Три часа однообразного, спокойного, степного пути промелькнули, как сон. Лишь изредка встречавшиеся крестьянские повозки, да однажды остановка у какого-то ручья, — где ямщику захотелось напиться, развлекали дремавшие мысли, а затем опять наступала невозмутимая тишина бесконечной степи.
Вот наконец, в одиннадцатом часу, вдали на горизонте мелькнуло какое-то туманно-сизое пятно. Вот оно увеличивается, растёт; в нём начинают выясняться очертания белых, деревенских хат.
— Что за деревня?—спрашиваю ямщика.
— А, Саки! Она и есть, отвечал он, - обернувшись ко мне.—Вон, ветряная мельница, от ней будет две версты. - Сказав это, ямщик оправился, тряхнул вожжами и тройка пошла бодрее. Не доезжая мельницы, он остановил лошадей у колодца и стал поить. Саки были теперь ясно видны.
Влево от них тянулось озеро, размежёванное изгородями на участки солепромышленников. На берегу озера виднелась группа белых, крытых черепицею, длинных строений, которые своими маленькими окнами производили впечатление казарм. К степи был обращён фасадом корпус высокого, тоже белого, двухэтажного с балконом здания, окруженного довольно высоким забором, сложенным из местного, бурого, ноздреватого камня.
— Лечебная гостиница, — указывая кнутом на этот корпус, пояснил мне ямщик.

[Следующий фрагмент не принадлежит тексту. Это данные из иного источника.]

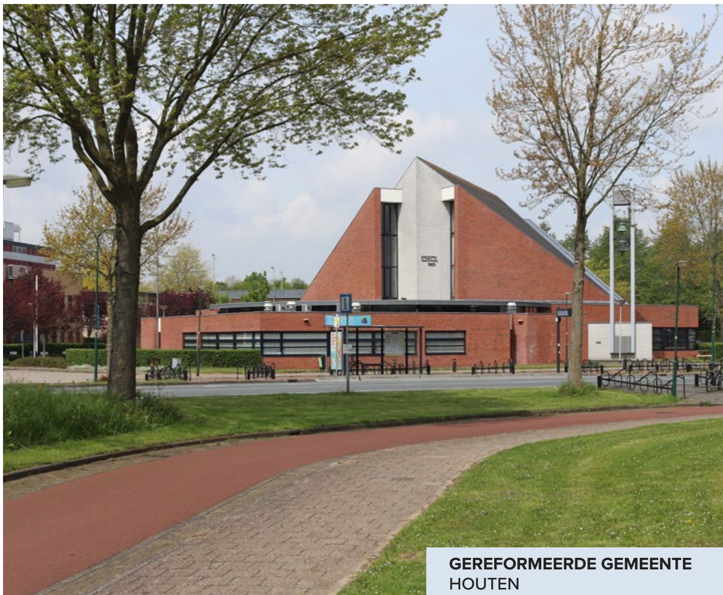
GEREFORMEERDE GEMEENTE HOUTEN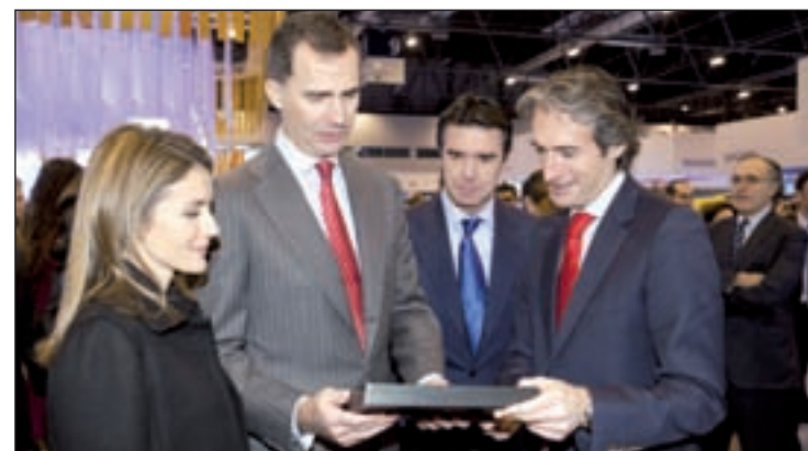
El Príncipe Felipe, durante la inauguración de Fitur

A nivel internacional, la feria contará con una amplia presencia de destacados mercados del planeta, especialmente Iberoamérica, entre los que destacan los expositores de Argentina, Méjico y Perú, y los destinos emergentes.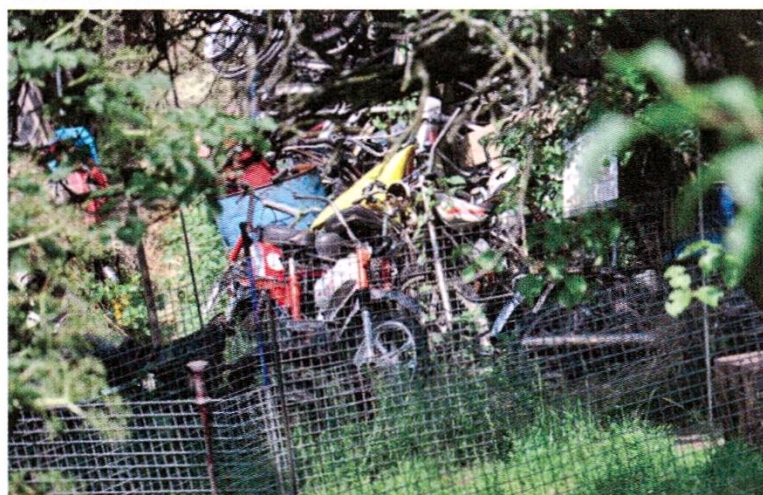
Exemple de décharge sauvage en zone agricole

Le cas des nouvelles turbines installées sans mise à l'enquête par groupe E à la centrale électrique d'Hauterive en 2005, que nous dénoncions en 2010, n'est toujours pas réglé. Un avis de droit produit par Pro Natura, le WWF, la Fédération fribourgeoise des sociétés de pêche et la Frayère confirme que ces travaux nécessitent un permis de construire, voire une nouvelle concession au vu de l'impact sur le cours d'eau et de l'augmentation de la capacité de production électrique. Les différents services de l'Etat sont arrivés à la même conclusion. Groupe E réfute tous les arguments avec la bénédiction du Conseiller d'Etat responsable du dossier. Deux affaires à suivre!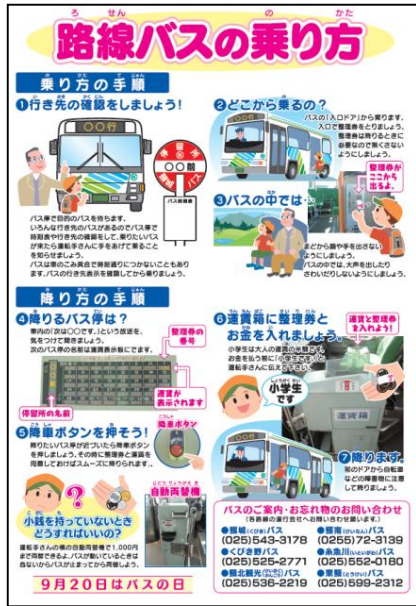
【表 路線バスの乗り方】

頸城自動車㈱がバスの日フェスタに使用する資料（路線バスの乗り方）の裏面に、利用促進に関する記事を提供する。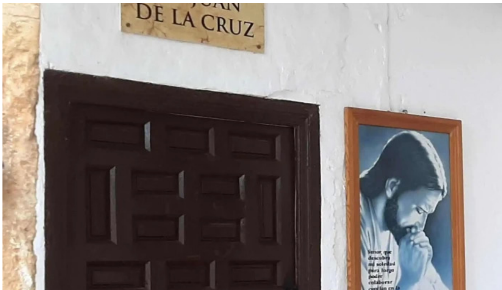
Iglesia del carmen virgen de las nieves villanueva de la jara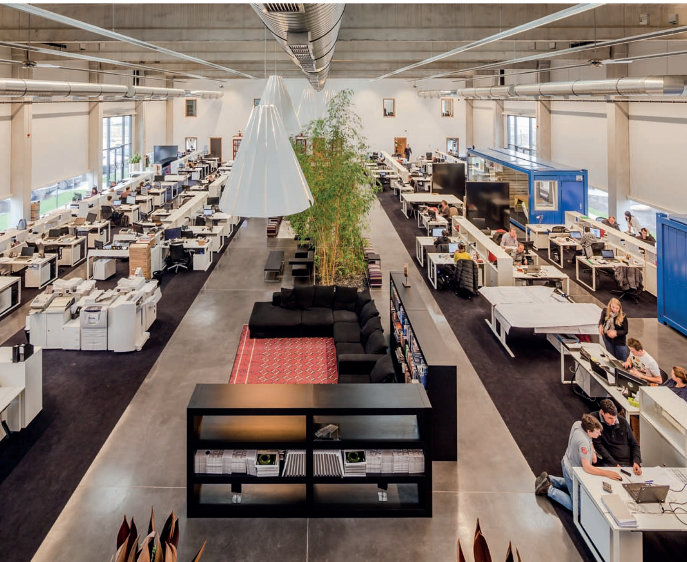
kanapés lounge-sziget és bambuszliget jelöli ki a irodabelső középítő tengelyét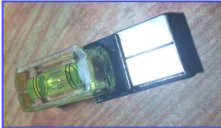
Hình 1. Ảnh chụp thiết bị theo sáng kiến

- Xác định cấu tạo của thiết bị gồm 02 bộ phận: Giá đỡ và bọt nước cân bằng. Khi đó, kích thước thiết bị vào khoảng 2 cm x 6,5 cm và trọng lượng khoảng 110 g.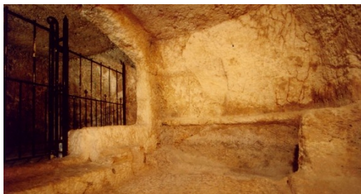
מקום קבורה חצוב בסלע

שימש כגן, וליתר דיוק כרם, בתקופת הברית החדשה, בהתאם למסופר לעיל. קרי, ייתכן וכרם זה היה בבעלותו של אותו יוסף איש רמתיים אשר בקברו הונחה גופתו של ישוע.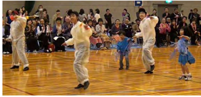
サークル“BB 団”のジャズダンスの披露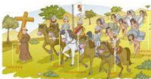
Conquista de América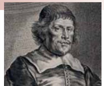
Foto: Casparus Barlaeus

Al tijdens haar leven werd Tesselschade Roemersdr. door dichtende tijdgenoten - allemaal mannen - naar voren geschoven als hun gelijkgestemde vriendin. Barlaeus wijdde in 1646 zelfs een aparte afdeling 'Tessalica' aan haar in zijn Latijnse Poemata. Ook als dichteres met een voorkeur voor spitsvondige formuleringen kreeg ze ruime bekendheid.

"Точно маленькая крепость", - подумал я.
Налево, приблизительно на расстоянии около версты от грязелечебницы, виднелась деревня, состоящая из маленьких белых домиков, с черепичными и соломенными крышами. Посреди деревни выделялась церковь со своей каменной оградой.

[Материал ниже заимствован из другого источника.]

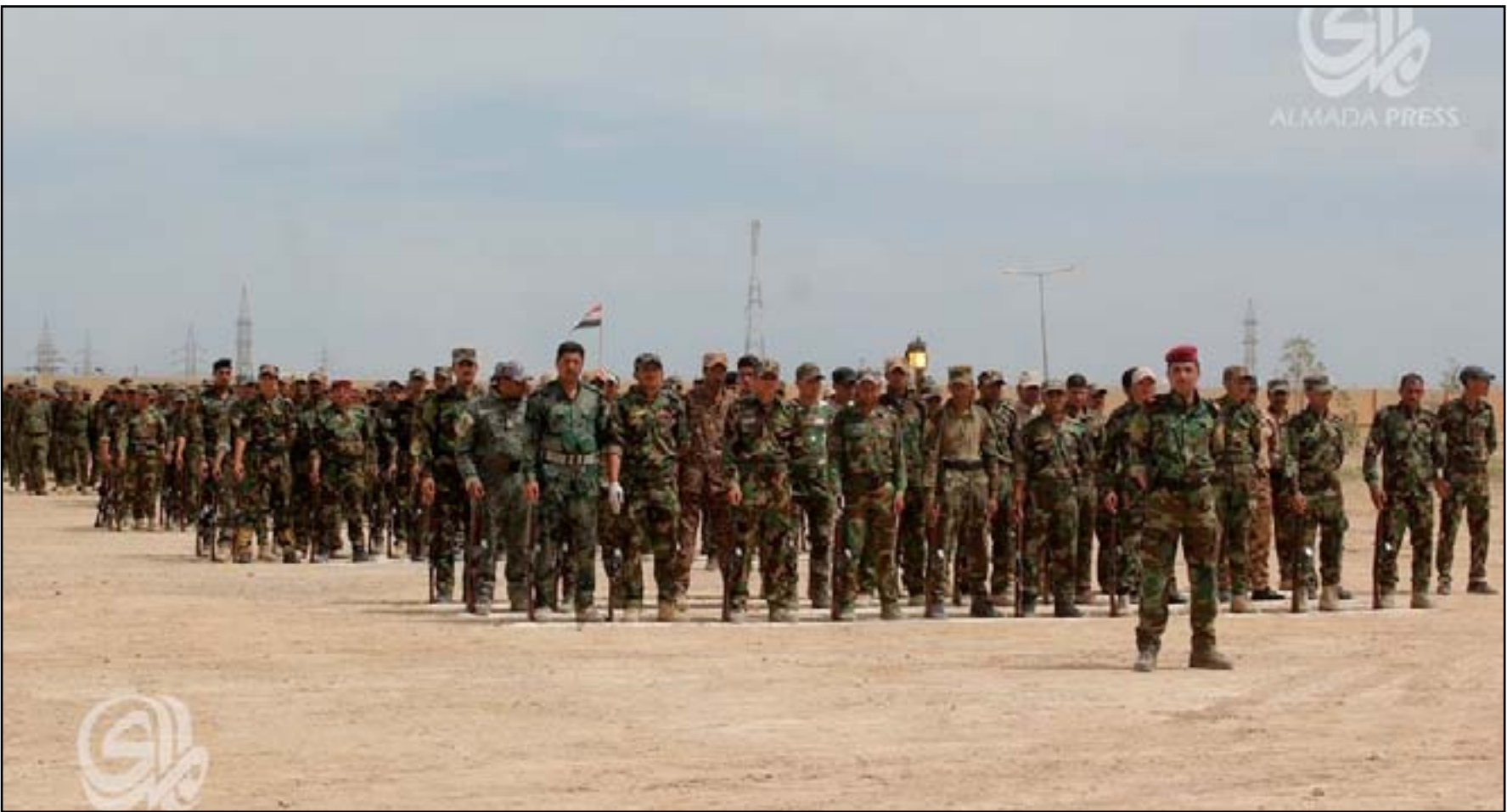
مقاتلون سنة في معسكر للتدريب في عامرية الفلوجة. أ.رشيف

خلال الأسبوع الحالي أصدرت كل من إدارة أوياما ومجموعة داعش تصريحات رسمية حول المعركة في العراق. أيهما كان الأقوى؟ خطة الولايات المتحدة هي إضافة ٤٥٠ مستشارا عسكريا سيقومون بتدريب مقاتلي العشائر السنية في قاعدة جوية في محافظة الأنبار. إنها خطوة متقدمة ومتأنيبة، حيث لن تشارك القوات الأميركية العراقية في القتال، ولن تطلب الضربات الجوية، لكنها في الغالب ستبقى داخل المجمع المحمي على أمل تجنيد السنة لدعم الحكومة التي يعارضها الكثير منهم.

— Русская или татарская деревня? — спросил я ямщика.
— И русские, и татары живут. Больше русские, - отвечал ямщик.
— А церковь какая? православная?
— Православная.
После водопоя, тройка поскакала веселее и, бодро въехав за ограду грязелечебницы и обогнув главное здание, остановилась на площадке перед террасою гостиницы. На встречу выбежал лакей; из под гардин, закрывавших террасу, высунулось несколько голов дам, очевидно, пациенток лечебницы. Подбежавшему ко мне лакею, я назвал свою фамилию и спросил, какой номер мне отведён. Но он не знал; нужно было отправиться в контору.
Отведенный мне номер состоял из одной комнаты с одним окном, по расписанию лечебницы, выходящим на озеро, а, на самом деле на садовую площадку, за которой тянулось длинное, каменное здание ванного помещения и лишь сбоку этого здания виднелся клочок озера.

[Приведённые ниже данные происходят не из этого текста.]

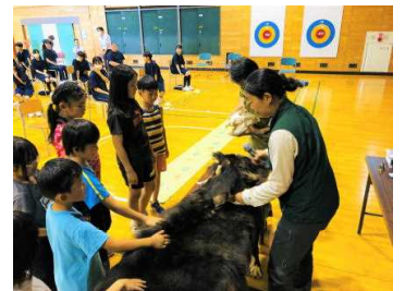
環境学習(クマ講座)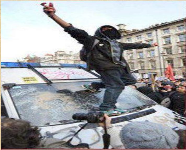
LONDRES Noviembre 2010

«Los anarquistas infiltrados en las manifestaciones estudiantiles serán detenidos y castigados con todo el rigor de la ley...»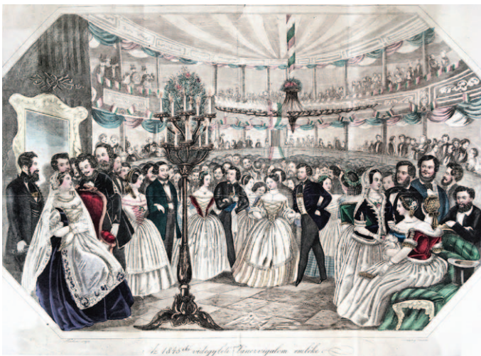
Farsangi táncvigalom Pesten 1845-ben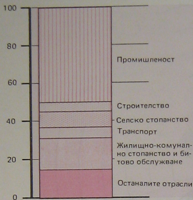
СТРУКТУРА НА КАПИТАЛНИТЕ ВЛОЖЕНИЯ ПРЕЗ 1989 Г. ПО ОТРАСЛИ проценти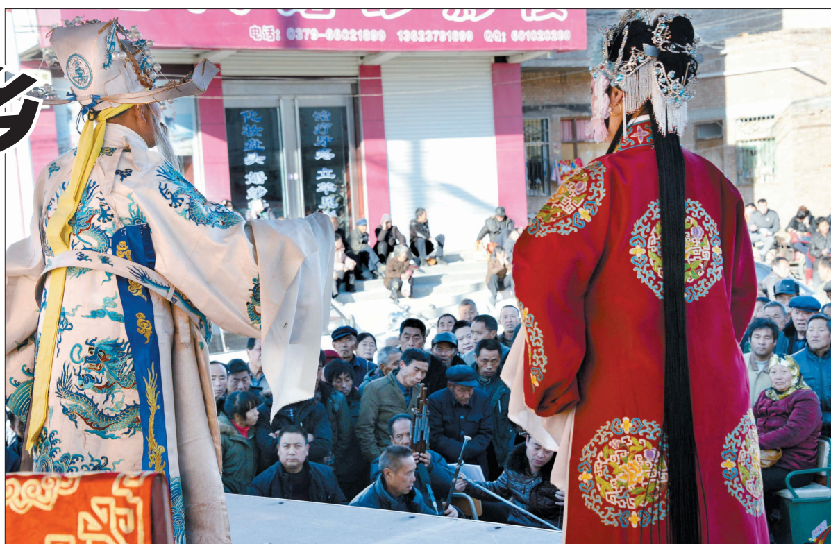
台上唱得卖力,台下看得认真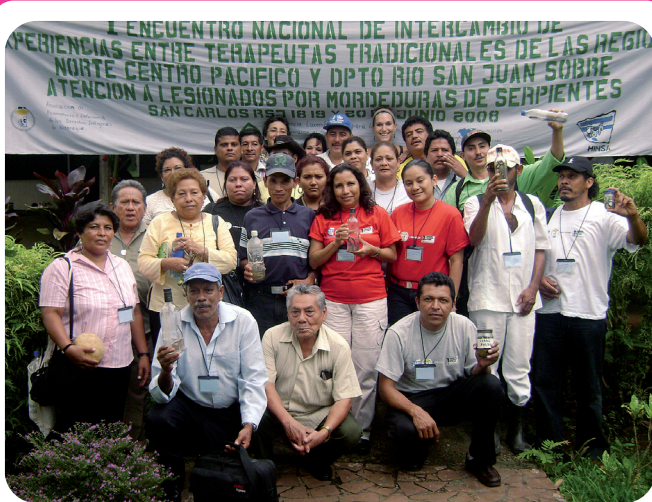
TERAPEUTAS TRADICIONALES DE RIO SAN JUAN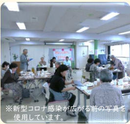
※新型コロナウイルス感染が広がる前の写真を使用しています。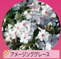
アメーシンググレース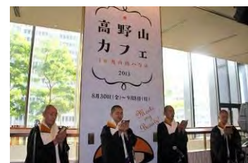
昨年の声明ライブの様子

また、共有エリア「ライブラリー」では、1 時間ごとの交代制で「写経」を体験できます。僧侶から心得や写経の仕方などの指導を受けることができ、完成した写経は持ち帰るか高野山総本山金剛峯寺への奉納(奉納料 1,000 円)もできます。

Комната была узенькая, невысокая, аршин 5 в ширину и в высоту, а длиною аршин 10. В ней находились: железная кровать с матрацем, столик, зеркало, шкаф с полками, умывальник, два стула и кресло. По стенам вешалки для платья. Стены без шпалер, и лишь выкрашены белой известью. Вообще комната имела чистый и опрятный вид. Для зова прислуги электрический звонок.
Переодевшись с дороги, я отправился повидаться с доктором, но он в это время был на ваннах.
Садовая площадка перед террасою представляет покатость от гостиницы к озеру, а ванное здание стоит внизу, на берегу озера. Каменное, невысокое, одноэтажное строение, оно имеет в длину сажень 50, выбелено известью; окна маленькие в четыре стекла крыша крутая, черепичная, общий вид здания напоминает острог.
В левой половине здания находятся ванны для мужчин, а в правой—для женщин. Я прошел через мужскую половину и оттуда вышел на площадку, где принимаются грязевые ванны. Тут моему удивленному взору предстала странная картина. На четырехугольной площадке, сажень 80 в квадрате, огороженной высоким, дощатым забором, тянулись, начиная от входа, расставленные поперёк площадки параллельные ряды плетёнок, сделанных из древесных прутьев. Каждая такая плетенка, была вышиною аршина в полтора, а длиною сажени в две и согнута полукругом; ее назначение служит загородкой или ширмой для места, назначенного под грязевую ванну. Каждая такая плетёнка с наружной стороны плотно завешана несколькими толстыми, войлочными полостями, чтобы защищать больного от действия ветра. На огороженных этими плетенками местах, лежали больные, заваленные по горло грязью, черною и блестящею как вакса. Красные лица и тяжелое дыхание больных указывали, что положение их тягостное. Для защиты лица от солнечных лучей служили небольшие плоские зонтики, сделанные из зеленого или синего коленкора, укреплённые на палке, втыкаемой острым концом в землю. Головы больных, покрытые постоянно смѣняемыми компрессами, лежали на холщовых подушечках, подпёртых деревянными подставками. Полураздетые служители бегали между рядами, плетёнок и подмазывали трещины и щели, образующиеся в оболочке из грязи, на замуравленных в грязи пациентах. Другие больные в ожидании своей очереди, для занятия ванны, толпились на галерее, уже раздетые, и лишь сверху прикрытые холщовыми халатами, с капюшонами, накинутыми на голову, и оживленно болтали между собою, подтрунивая то друг над другом, то над молчаливо, сосредоточенно пыхтевшими в грязи сотоварищами.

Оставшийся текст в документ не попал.